## PROMPT
Below this line is the material. Write out only its lines from the one containing "Sin embargo, una persona" through the one containing "NOTE: If you", both kept, exactly.

## PROVIDED RECORDS

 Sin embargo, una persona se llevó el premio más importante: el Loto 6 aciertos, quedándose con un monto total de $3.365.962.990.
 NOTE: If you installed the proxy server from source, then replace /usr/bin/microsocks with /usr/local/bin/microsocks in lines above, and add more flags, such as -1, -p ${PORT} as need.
---
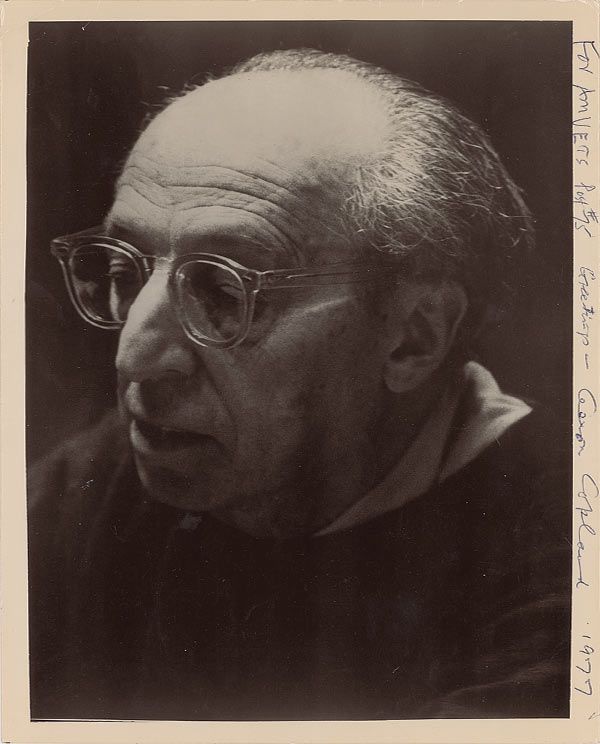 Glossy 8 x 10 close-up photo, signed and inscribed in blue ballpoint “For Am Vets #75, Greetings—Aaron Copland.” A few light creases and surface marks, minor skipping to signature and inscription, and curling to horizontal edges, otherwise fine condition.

## SOLUTION FOR THIS PROBLEM
 Sin embargo, una persona se llevó el premio más importante: el Loto 6 aciertos, quedándose con un monto total de $3.365.962.990.
 NOTE: If you installed the proxy server from source, then replace /usr/bin/microsocks with /usr/local/bin/microsocks in lines above, and add more flags, such as -1, -p ${PORT} as need.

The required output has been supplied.